(Beginning of ENTRIES PROVIDED)

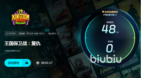 王国保卫战闪退的处理方式比较简单,由于网络问题所致,只要下载安装包较小的biubiu就能够全方位解决,此应用时刻保持极低延迟,而且又推出弱网对抗模式,毫秒级响应解决方案有效应对卡顿闪退。
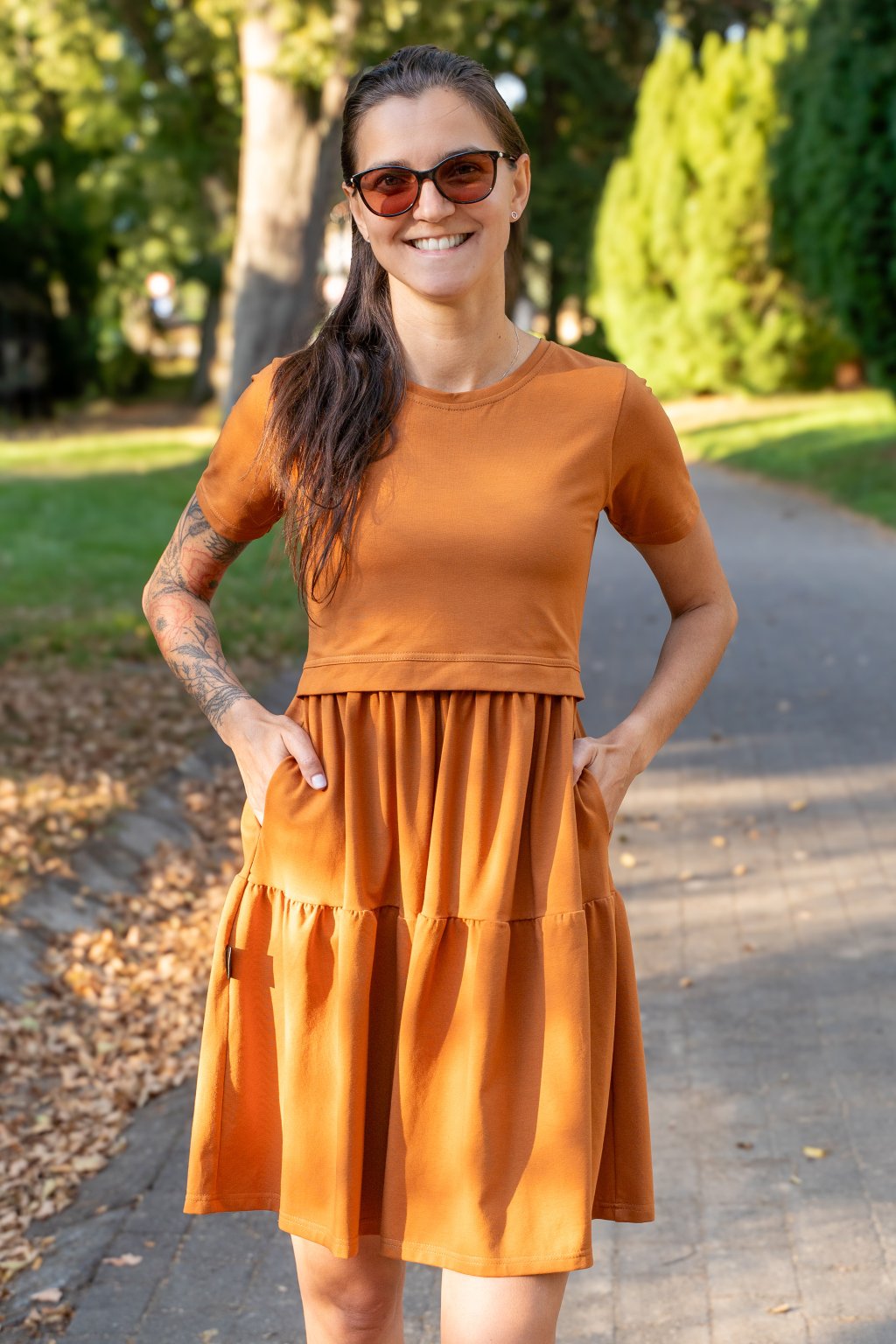 Volnočasové kojicí šaty Jsem máma s kapsami Hořčicové
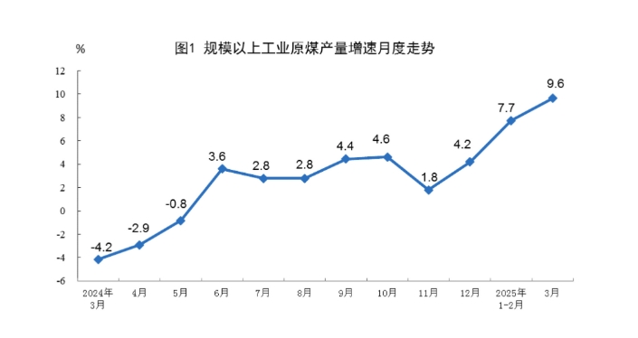 0 04-16 10:11国家统计局:3月份,规上工业原煤产量同比增长9.6%
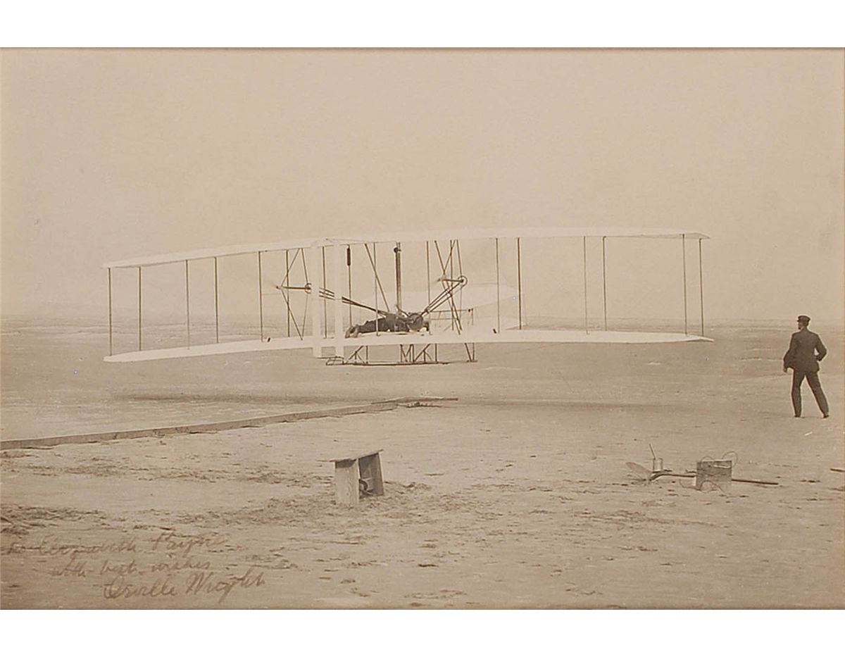 On December 17, 1903, Orville Wright piloted the first powered airplane 20 feet above a wind-swept North Carolina beach in a flight lasting 12 seconds and covering 120 feet. That brief trip skyward earned the brothers throngs of admirers including their cousin, whom the brothers bestowed with this remarkable image…one that is more than twice the size of the more common, but still scarce, ‘first flight’ signed photos. An exceptionally desirable image, with outstanding association; just a handful of these oversized images have ever appeared at auction.
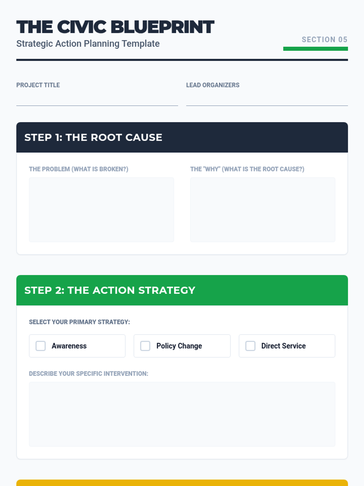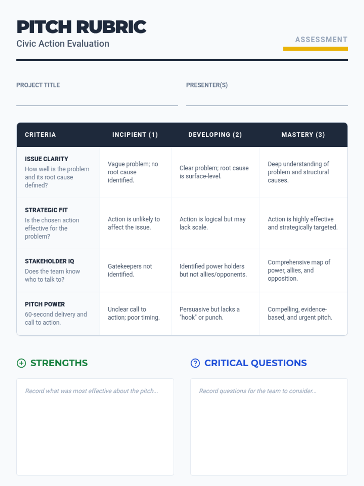 In this culminating workshop, students apply their knowledge by identifying a local issue and designing a strategic civic action plan to address it.
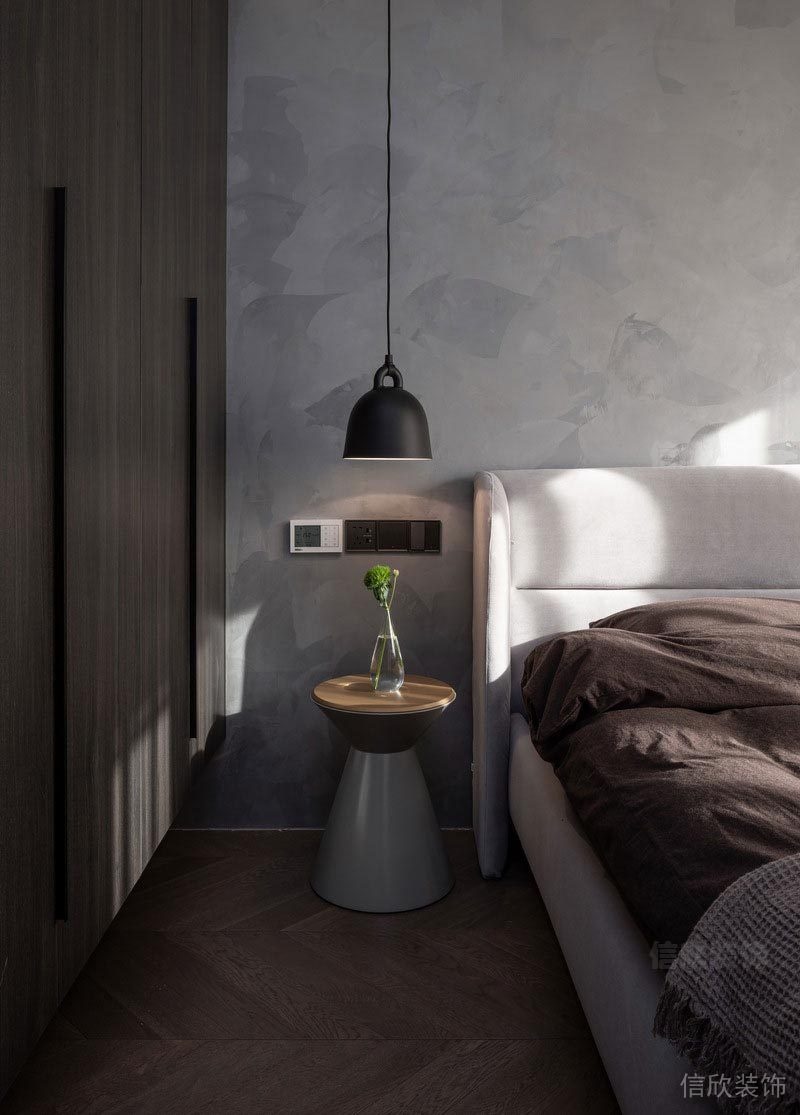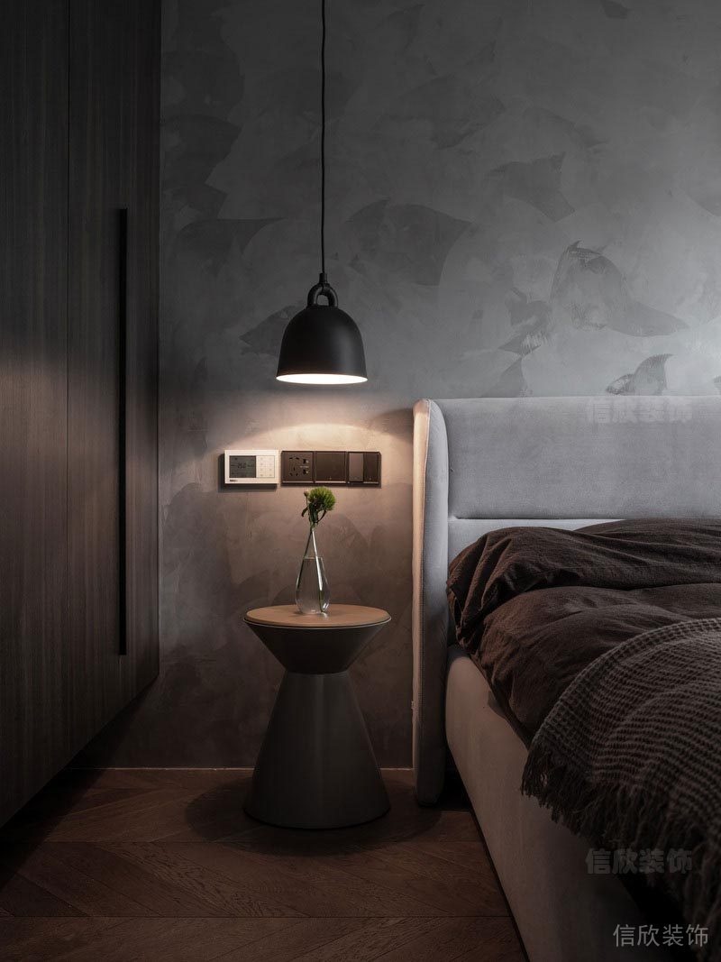 深圳市南山區雙子灣主臥 案主睡眠質量不好,所以搭配了深色的床品及窗簾,為了讓人進入主臥后能夠很快的放松精神有助于入睡。

(End of ENTRIES PROVIDED)

• TASK DETAILS: Once you find the line that contains "0 04-16 10:11国家统计局:3月份,规上工业原煤产量同比增长9.6%", reproduce it and every line after it through the end of the entries above, exactly as written, with no pictures.

• RESULT:
 0 04-16 10:11国家统计局:3月份,规上工业原煤产量同比增长9.6%
 On December 17, 1903, Orville Wright piloted the first powered airplane 20 feet above a wind-swept North Carolina beach in a flight lasting 12 seconds and covering 120 feet. That brief trip skyward earned the brothers throngs of admirers including their cousin, whom the brothers bestowed with this remarkable image…one that is more than twice the size of the more common, but still scarce, ‘first flight’ signed photos. An exceptionally desirable image, with outstanding association; just a handful of these oversized images have ever appeared at auction.
 In this culminating workshop, students apply their knowledge by identifying a local issue and designing a strategic civic action plan to address it.
 深圳市南山區雙子灣主臥 案主睡眠質量不好,所以搭配了深色的床品及窗簾,為了讓人進入主臥后能夠很快的放松精神有助于入睡。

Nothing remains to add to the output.